Джервас не стал медлить и распорядился, чтобы им подали карету. Он мало задумывался над тем, как отнесется к их поездке Дэмон, и будет ли он поддразнивать его по дороге на аукцион.
Но маркиз был на удивление сдержан и отметил в свойственной ему томной манере:
– Я полагаю, ты по-прежнему увлечен мадемуазель де Барант?
– Я отказываюсь обсуждать мои отношения с ней, – жестко проговорил Джервас, когда они двинулись на юг по Парк-Лейн.
Однако он не желал, чтобы Дэмон пришел к неверным выводам и, успокоившись, добавил:
– Не знаю, позволит она мне большее или нет, но я всегда считал и считаю себя ее другом.
– Очевидно, тебе хочется чего-то большего. Бедный Джервас – из всех танцовщиц, которым польстило бы твое внимание, ты выбрал самую недоступную. Впрочем, должен заметить, во всем остальном твой вкус просто безупречен.

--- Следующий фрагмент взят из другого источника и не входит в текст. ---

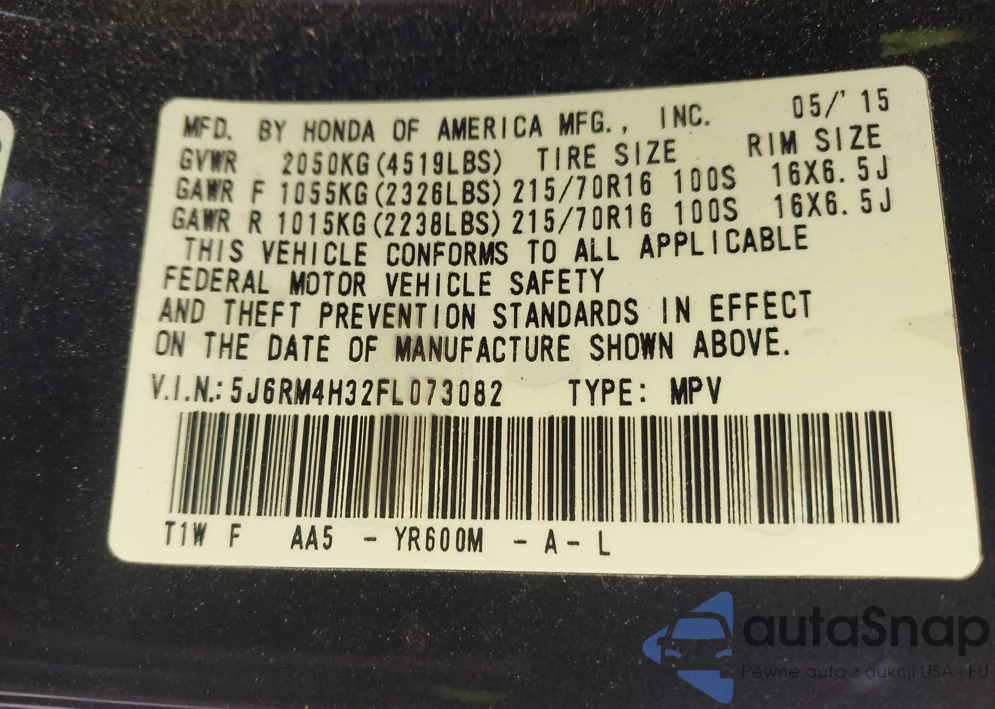 • VIN 5J6RM4H32FL073082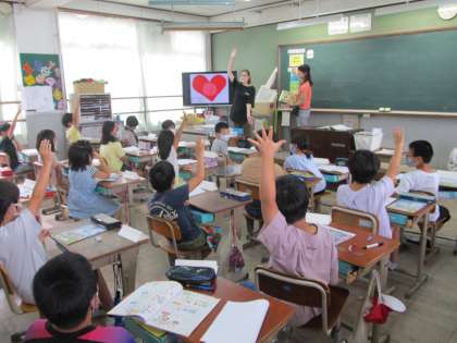 「Do you like〜?」で友だちに質問する学習もして,休み時間は早速それを使って会話を楽しんでいました。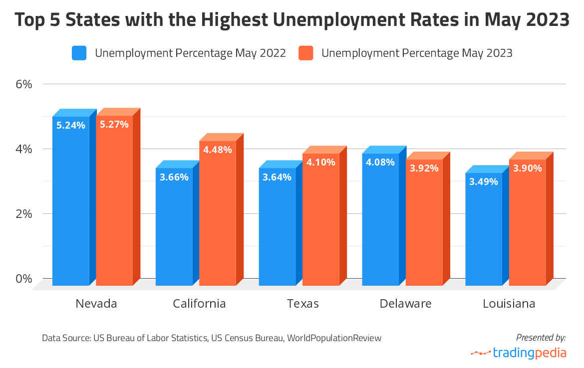 These considerable swings spurred the team at TradingPedia to further analyze the matter. The current report highlights the five states with the highest rates of unemployment. It also includes data on the five states with the lowest rates and the one which has achieved the strongest progress since May 2022.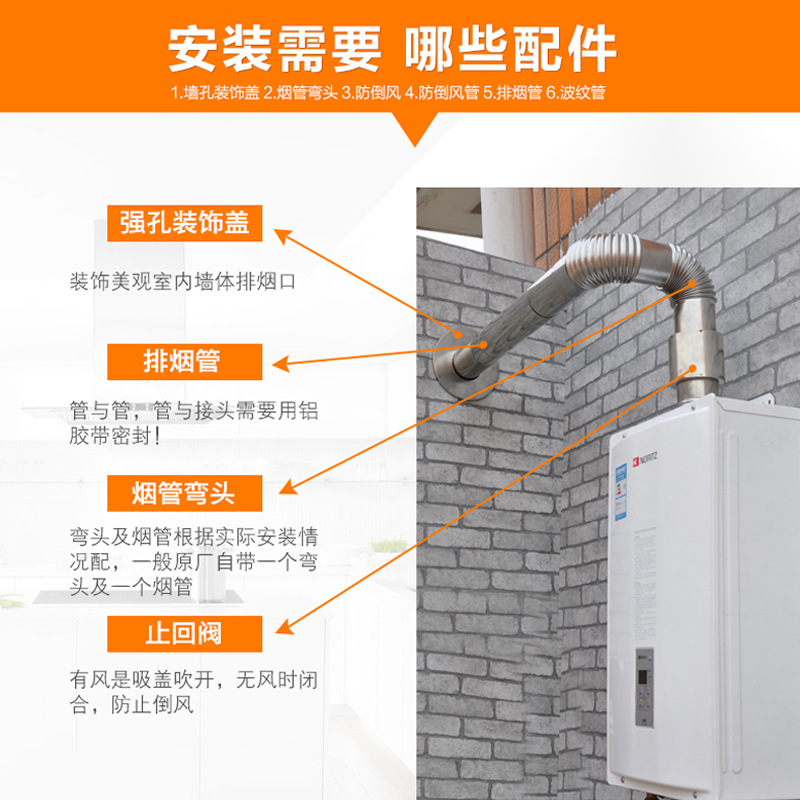 燃气热水器配件大全不锈钢排烟管排气管直径6cm配件弯头60软烟管

Когда джентльмены вошли в зал мистера Кристи, один из служащих приблизился к ним и предложил свою помощь.
– Я знаю что у вас выставлена картина Греза и желал бы ее посмотреть, – сказал Джервас.
– Ах да, маленькая цыганочка. Я с удовольствием показал бы ее вашей светлости, но, боюсь, что это невозможно. Вчера состоялись торги, и картину продали.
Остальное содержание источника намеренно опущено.